The fourth vertical bar is personal consumption. It fell $12-billion in 2008Q4 and another $4B in 2009Q1 but has since been positive. Those were sizeable hits in dollar terms but pretty minor in percentage terms, just 1.3% and 0.4 per cent, respectively. (When the Crash hit personal consumption was running at a shade over $900B a year, about 55% of GDP.) To my mind that’s surprisingly small. Granted, these numbers aren’t adjusted for inflation so the real decline was bigger. But still. With world finance teetering on a cliff, Canadian consumers didn’t flinch much.

Now we get to government spending, home of the stimulus. The fifth vertical bar in each quarter is government spending on goods and services, about 60% of which goes to salaries. With everything else collapsing, government consumption did continue to rise, but the increases were small compared to the heavy hits on the other components of demand.

That’s even truer when you look at the sixth and final vertical bar in each set. It shows the quarterly increase in government investment in fixed capital, which is probably what most of us have in mind when we think of infrastructure. It has been consistently positive through the recession (though again some of the increase is inflation) but it just hasn’t been very important.
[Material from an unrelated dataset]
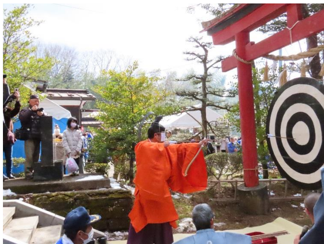
▲ 目隠して一年の天候を占います。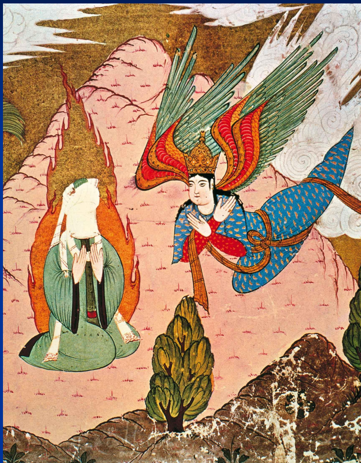
Мухаммед и ангел. Арабская миниатюра

With the trade balance, personal consumption and business investment falling a combined $63B in 2008Q4, public investment provided an offsetting increase of just $2B. With the big three falling another $41B in 2009Q1, public investment rose just $1B.

Government investment has risen a little more lately. But even in 2009Q4, when it was up by $2B, the big action was a plus-$32B from trade, consumers and business investment. Even if there is a Keynesian multiplier effect, there just hasn’t been that much government spending to be multiplied. That’s not really surprising. Despite all the talk about “shovel-ready” there just aren’t that many big projects around that can be started at the drop of a hat — or collapse of a financial sector.
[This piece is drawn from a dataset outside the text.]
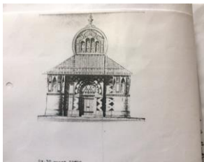
Een nooit gebouwde synagoge in Drenthe

Op Zaterdag 23 juni wordt om 14.00 uur de tentoonstelling 'Drentse synagogen, toen en nu' geopend door de commissaris van de Koning, mevrouw Jetta Klijnsma. Tijdens de voorbereidingen van deze tentoonstelling kwamen we regelmatig voor aangename verrassingen te staan. Bij een globaal onderzoek dachten wij dat er in Drenthe twaalf (huis) synagogen zijn geweest, maar snel kwamen we erachter dat er in de provincie zeker zestien synagogen hebben gestaan. Toen het tentoonstellingsboekje bijna klaar was ontdekten we nog een barak synagoge in het doorgangskamp Westerbork en mogelijk een huissynagoge in Buinen. Dit laatste moet nog verder onderzocht worden. Voor deze tentoonstelling krijgen wij unieke voorwerpen in bruikleen van het Joods Historisch Museum Amsterdam. Voorwerpen die vroeger in Drentse synagogen thuis hoorden. Vrienden en vrijwilligers van de synagoge ontvangen een uitnodiging om de opening bij te wonen. Bent u op 23 juni verhinderd, kom dan gerust eens langs tijdens de openingstijden.

Does that mean government had no helpful effect in bringing about the recovery? No. Taxes automatically eased back and employment insurance kicked in as the recession hit and these automatic stabilizers doubtless help explain why private consumption didn’t sag more. Moreover, the sight of central bankers and finance ministers lining up like the Radio City Music Hall Rockettes to backstop even the shakiest private investment probably also helped stopped the decline in business investment — though an IMF study published this week suggests that when short-term stimulus creates the widespread belief that public debt will be permanently higher its stimulative effect largely disappears.
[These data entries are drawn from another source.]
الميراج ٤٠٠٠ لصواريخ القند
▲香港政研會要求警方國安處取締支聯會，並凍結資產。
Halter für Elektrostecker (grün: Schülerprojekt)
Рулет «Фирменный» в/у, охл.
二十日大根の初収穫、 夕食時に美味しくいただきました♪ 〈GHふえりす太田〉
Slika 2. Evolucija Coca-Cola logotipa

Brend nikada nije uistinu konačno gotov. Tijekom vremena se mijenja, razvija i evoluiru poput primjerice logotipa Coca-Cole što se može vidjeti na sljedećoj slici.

If your reaction to the foregoing is that it’s too Keynesian for your taste, please understand that even we who at the financial brink in fall 2008 did rediscover our inner Keynesian nevertheless realize there is a time and place for desperate measures. By far the most interesting line in last month’s federal budget was the little-noticed one indicating that $5-billion of planned stimulus spending didn’t take place in 2009. If that spending comes on line this year, and if any kind of multiplier effect kicks in, that may well be a multiple too far. We may or may not have needed stimulus. We certainly don’t need over-stimulus.